Ampleur époustouflante
Les chiffres sur les résultats préliminaires des nombreuses enquêtes de la FCC en neuf mois sont époustouflants. À ce jour, les dossiers compilés à la FCC recèlent des délits de blanchiment pour un montant de Rs 65.7 milliards et le nombre de suspects interpellés et inculpés provisoirement s’élève à 75. En sus des avoirs saisis de l’ordre de Rs 100 millions, il y a des ordonnances de saisie (« attachments orders ») obtenues des juges siégeant en référé contre des suspects pour Rs 800 millions.
Manifestement, les trafics illicites sont une économie parallèle à Maurice où l’enrichissement ostentatoire des opérateurs au noir est indéniable. Le succès du régime AML-CFT(Anti-Money Laundering and Combatting the Financing of Terrorism) à Maurice dépendra en fin de compte de l’issue de toutes ces affaires devant une Cour de justice.
Par ailleurs, au palmarès des suspects de la FCC, figurent les noms d’anciennes personnalités de l’État, tous accusés provisoirement de blanchiment d’argent : l’ex-Premier ministre Jugnauth pour une affaire de valises bourrées de Rs 115 millions, l’ancien ministre des Finances Padayachy dans l’affaire Menlo Park, l’ancien Attorney-General Gobin inculpé dans une affaire de Rs 3 millions de pot-de-vin payé par un entrepreneur pour avoir le bail d’un terrain de l’État à Grand Bassin. C’est toute l’image de l’ancien gouvernement qui a été éclaboussée par toutes ces affaires sordides.
L’action du DPP
La décision du DPP de rayer les charges provisoires de trafic de drogue contre six individus qui furent arrêtés lors des coups d’éclat de l’ancienne unité de la police SST démontre l’indépendance de son bureau par rapport à la police. Faut-il rappeler que celle-ci avait constamment objecté à la libération sous caution de ces « suspects » en allant contre la position du DPP. A telle enseigne que l’ancien commissaire de police avait contesté devant la Cour suprême les pouvoirs de poursuite du DPP, causant ainsi une crise constitutionnelle entre les deux pôles de l’État de droit.

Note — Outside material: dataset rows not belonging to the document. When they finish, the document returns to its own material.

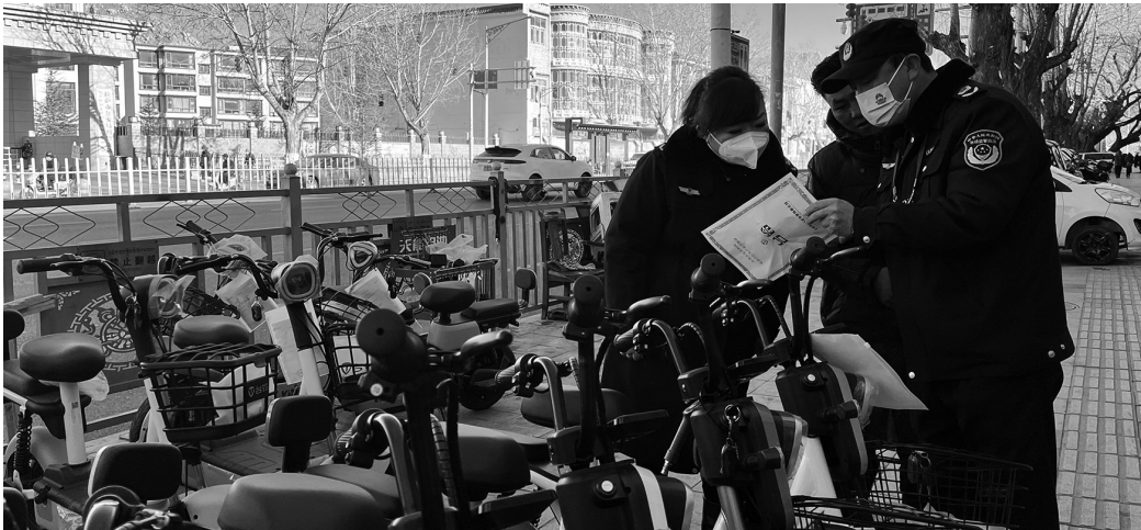
市场监管局工作人员对电动自行车进行检查。

记者了解到,2024年年初,拉萨市市场监管局结合经济社会发展需要、产品质量安全形势、产业发展状况,印发《重点工业产品质量安全监管目录(2024年版)》,聚焦生产领域和流通领域产品质量,合理确定监管重点、监管措施、监管频次,确保监管工作取得实效,产品质量不断提升。
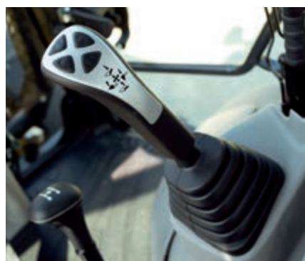
Comandi comodi, ergonomici e precisi

Un monitor LCD da 7" ad alta definizione assicura una visibilità eccellente. Il display LCD ad alta definizione è meno soggetto agli effetti dell'angolo di visualizzazione e della luminosità circostante, garantendo una visibilità ottimale. Vari allarmi e dati macchina sono visualizzati in un formato semplice. Vengono inoltre fornite informazioni utili come i dati storici di funzionamento della macchina, le sue impostazioni e i dati relativi alla manutenzione. L'operatore può navigare facilmente tra le schermate utilizzando intuitivi pulsanti laterali.
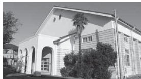
▲登録有形文化財 湯浅小学校講堂

私たちの町にも素晴らしい文化財がたくさんあります。町民の財産である文化財を地域のみなさんと火災から守りましょう。
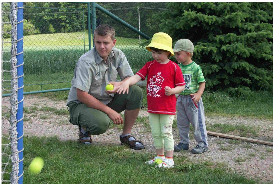
Foto:dětský den na sportovišti
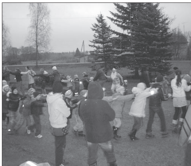
Eglītes iedegšana Plāņos
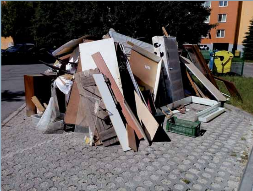
Foto je z vývozu objemného odpadu v zmysle VZN mesta = organizovaný jarný zber objemného odpadu na Športovej ulici
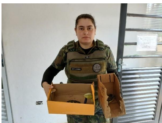
(52691) Bem-te-vi, jovem, encontrado em residência sem voar e (52692) Jabuti, entrega voluntária para a GM, animais entregues por GM Cajamar em 28-11-2024
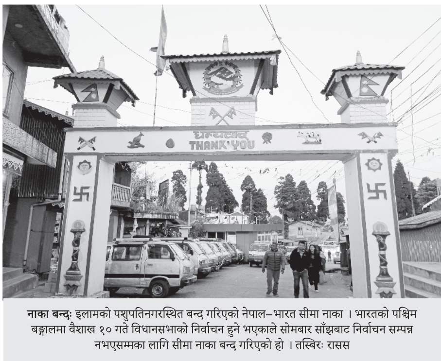
नाका बन्द: इलामको पशुपतिनगरस्थित बन्द गरिएको नेपाल-भारत सीमा नाका । भारतको पश्चिम बङ्गालमा वैशाख १० गते विधानसभाको निर्वाचन हुने भएकाले सोमबार साँझबाट निर्वाचन सम्पन्न नभएसम्मका लागि सीमा नाका बन्द गरिएको हो ।
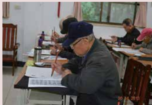
松年大學書法班榮民伯伯們聚精會神的練習書法字。

En rayant la charge provisoire, tout en se réservant le droit de poursuivre l’enquête dans sa quête de vérité, le DPP a conféré à l’Etat de droit une dimension qui était jusqu’ici inconnue, c’est-à-dire accepter la défense de certains « suspects » contre les chefs d’accusation de la police. Ce faisant, le DPP accrédite la thèse, du moins temporairement jusqu’à la conclusion de l’enquête, que ces suspects ont été victimes d’un complot ourdi par certains esprits sinistres.
L’action du DPP est donc une bouffée d’air frais dans l’administration de la justice à Maurice. Elle sert de contre-poids à une police qui, dans son excès de zèle, peut arrêter des gens sans des preuves probantes de leur culpabilité. Elle met un frein à toute tentative de certains officiers de suspendre la liberté des citoyens pour des motifs inavouables en attendant qu’une Cour de justice statue sur les charges provisoires. Elle prouve que la police peut parfoisse tromper.